WHAT THE TASK ASKS: If a line below falls between the line with "Possibilité de poser" and the line with "Melalui salah satu", or is one of those two, output it exactly; output nothing else and no pictures.

PROVIDED DATA:
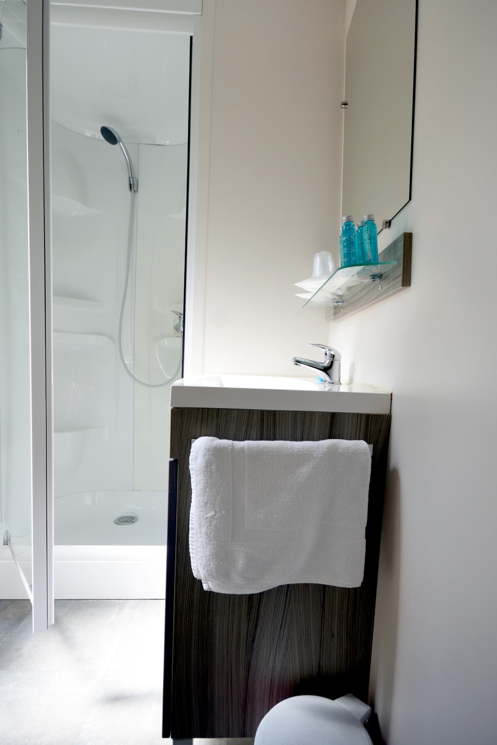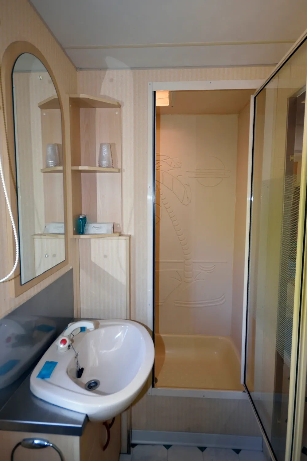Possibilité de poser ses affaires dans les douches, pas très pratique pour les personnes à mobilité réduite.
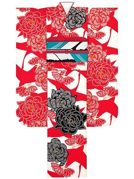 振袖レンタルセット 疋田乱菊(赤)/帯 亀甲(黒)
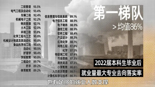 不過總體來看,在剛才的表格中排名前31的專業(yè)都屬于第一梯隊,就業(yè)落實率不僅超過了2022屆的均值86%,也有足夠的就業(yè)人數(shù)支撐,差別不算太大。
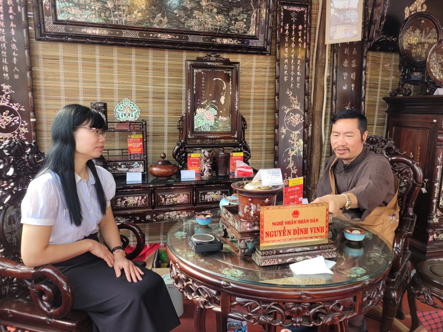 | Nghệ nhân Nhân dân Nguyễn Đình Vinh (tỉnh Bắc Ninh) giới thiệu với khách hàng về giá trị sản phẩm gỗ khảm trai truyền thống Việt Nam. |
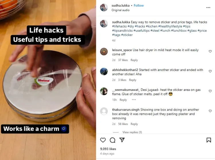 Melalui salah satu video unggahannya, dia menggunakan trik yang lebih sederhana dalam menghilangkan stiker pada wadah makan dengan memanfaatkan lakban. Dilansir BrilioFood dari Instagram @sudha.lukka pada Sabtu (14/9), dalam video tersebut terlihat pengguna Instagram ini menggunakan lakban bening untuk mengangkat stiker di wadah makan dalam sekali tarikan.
---
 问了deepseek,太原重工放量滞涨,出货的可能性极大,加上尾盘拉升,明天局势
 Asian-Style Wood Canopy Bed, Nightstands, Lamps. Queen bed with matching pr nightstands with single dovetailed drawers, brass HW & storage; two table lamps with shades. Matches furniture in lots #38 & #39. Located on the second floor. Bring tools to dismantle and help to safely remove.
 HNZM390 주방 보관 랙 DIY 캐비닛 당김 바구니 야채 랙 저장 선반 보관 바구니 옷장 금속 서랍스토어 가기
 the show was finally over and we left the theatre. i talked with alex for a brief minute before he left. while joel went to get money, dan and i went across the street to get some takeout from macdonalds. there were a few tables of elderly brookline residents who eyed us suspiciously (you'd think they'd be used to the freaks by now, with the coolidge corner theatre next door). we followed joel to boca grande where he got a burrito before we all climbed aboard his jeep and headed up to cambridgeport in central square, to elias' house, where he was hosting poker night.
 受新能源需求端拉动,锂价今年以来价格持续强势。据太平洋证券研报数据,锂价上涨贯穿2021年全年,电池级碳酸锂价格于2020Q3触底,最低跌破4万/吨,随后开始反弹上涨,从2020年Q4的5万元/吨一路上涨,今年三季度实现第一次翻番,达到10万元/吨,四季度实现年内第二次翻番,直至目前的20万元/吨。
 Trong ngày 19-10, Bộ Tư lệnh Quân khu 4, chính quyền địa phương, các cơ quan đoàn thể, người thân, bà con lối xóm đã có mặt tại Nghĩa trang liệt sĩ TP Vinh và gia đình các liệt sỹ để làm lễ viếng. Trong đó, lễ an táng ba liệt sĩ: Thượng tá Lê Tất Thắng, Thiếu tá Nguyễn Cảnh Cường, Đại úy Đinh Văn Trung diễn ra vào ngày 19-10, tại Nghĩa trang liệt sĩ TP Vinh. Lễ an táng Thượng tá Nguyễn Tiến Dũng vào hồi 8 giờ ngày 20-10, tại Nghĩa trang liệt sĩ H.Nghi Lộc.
* * *
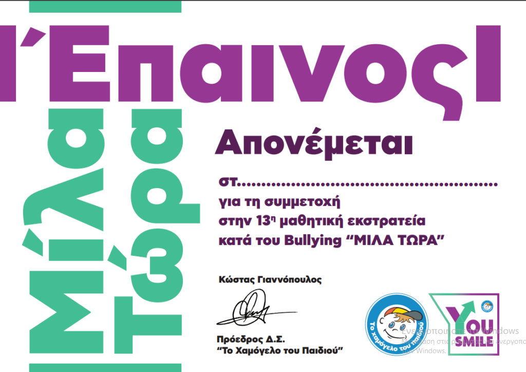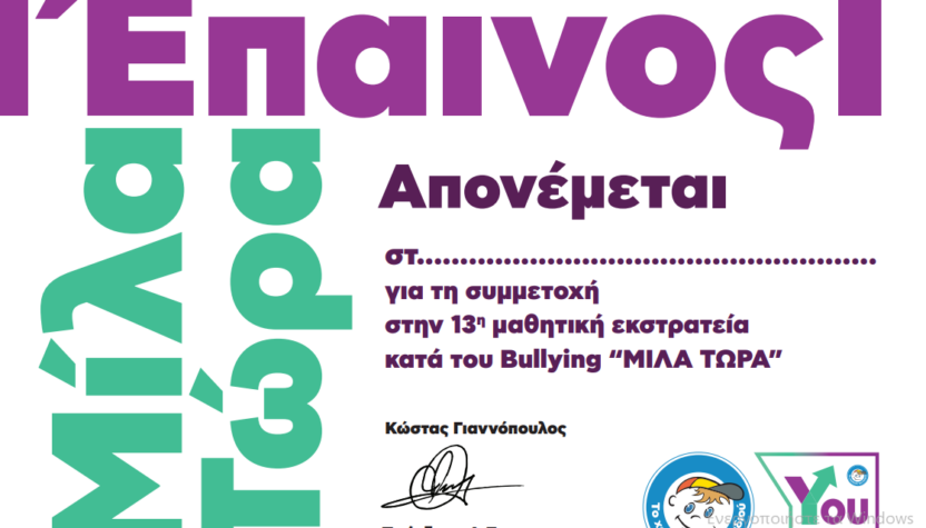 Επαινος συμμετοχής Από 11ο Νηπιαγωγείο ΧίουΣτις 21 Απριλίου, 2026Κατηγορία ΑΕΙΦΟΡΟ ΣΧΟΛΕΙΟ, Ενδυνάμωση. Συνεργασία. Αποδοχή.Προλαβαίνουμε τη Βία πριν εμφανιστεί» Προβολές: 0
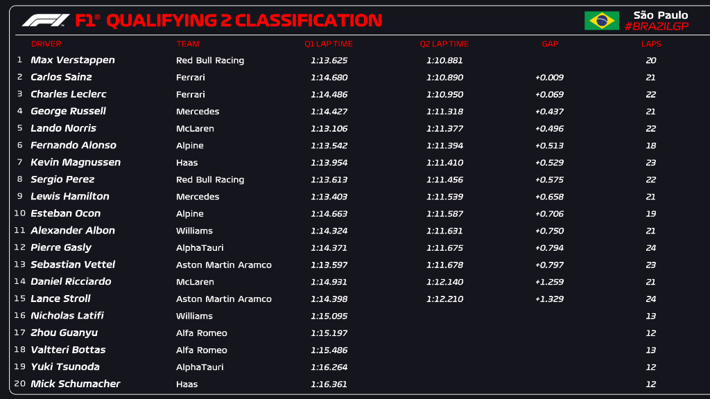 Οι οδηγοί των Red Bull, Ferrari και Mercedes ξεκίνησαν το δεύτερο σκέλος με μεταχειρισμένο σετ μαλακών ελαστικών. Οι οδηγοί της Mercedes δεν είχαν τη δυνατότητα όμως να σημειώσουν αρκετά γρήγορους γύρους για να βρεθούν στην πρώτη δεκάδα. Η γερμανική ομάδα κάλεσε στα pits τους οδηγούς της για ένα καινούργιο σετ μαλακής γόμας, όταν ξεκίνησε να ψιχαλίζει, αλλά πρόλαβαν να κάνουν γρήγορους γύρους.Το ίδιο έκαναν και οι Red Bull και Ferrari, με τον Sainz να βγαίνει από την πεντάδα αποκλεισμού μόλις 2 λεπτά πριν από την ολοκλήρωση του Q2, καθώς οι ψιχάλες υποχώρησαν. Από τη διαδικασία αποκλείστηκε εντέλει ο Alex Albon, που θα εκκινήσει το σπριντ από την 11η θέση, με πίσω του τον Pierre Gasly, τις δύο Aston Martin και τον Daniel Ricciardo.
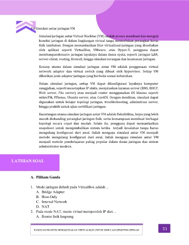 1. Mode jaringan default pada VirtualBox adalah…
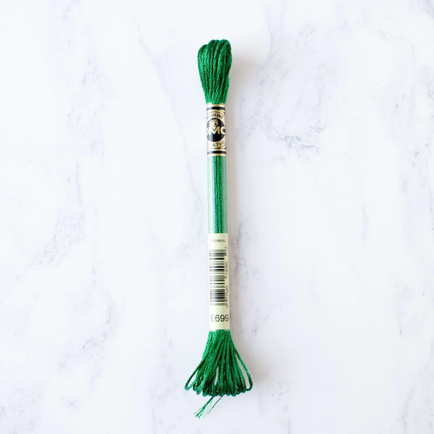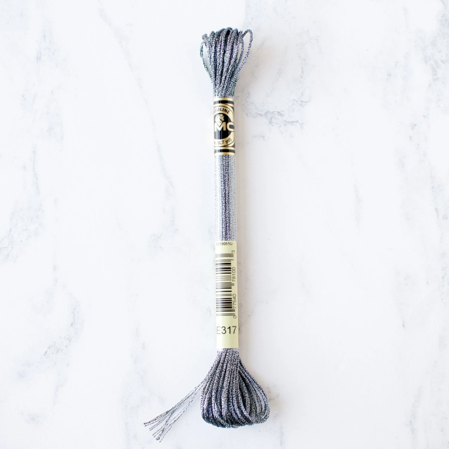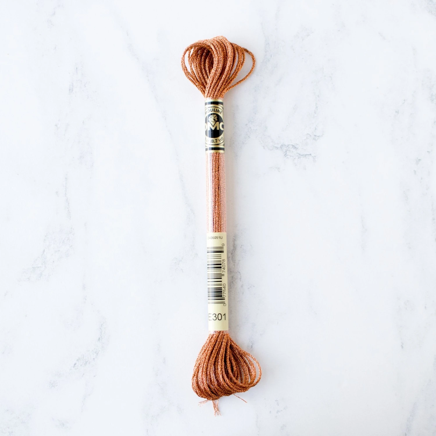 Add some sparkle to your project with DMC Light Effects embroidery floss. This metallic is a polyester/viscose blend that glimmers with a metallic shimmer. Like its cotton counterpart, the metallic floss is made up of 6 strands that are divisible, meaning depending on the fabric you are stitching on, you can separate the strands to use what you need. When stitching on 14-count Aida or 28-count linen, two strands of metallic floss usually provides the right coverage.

RESULT FOR THIS EXERCISE:
Possibilité de poser ses affaires dans les douches, pas très pratique pour les personnes à mobilité réduite.
 振袖レンタルセット 疋田乱菊(赤)/帯 亀甲(黒)
 不過總體來看,在剛才的表格中排名前31的專業(yè)都屬于第一梯隊,就業(yè)落實率不僅超過了2022屆的均值86%,也有足夠的就業(yè)人數(shù)支撐,差別不算太大。
 | Nghệ nhân Nhân dân Nguyễn Đình Vinh (tỉnh Bắc Ninh) giới thiệu với khách hàng về giá trị sản phẩm gỗ khảm trai truyền thống Việt Nam. |
 Melalui salah satu video unggahannya, dia menggunakan trik yang lebih sederhana dalam menghilangkan stiker pada wadah makan dengan memanfaatkan lakban. Dilansir BrilioFood dari Instagram @sudha.lukka pada Sabtu (14/9), dalam video tersebut terlihat pengguna Instagram ini menggunakan lakban bening untuk mengangkat stiker di wadah makan dalam sekali tarikan.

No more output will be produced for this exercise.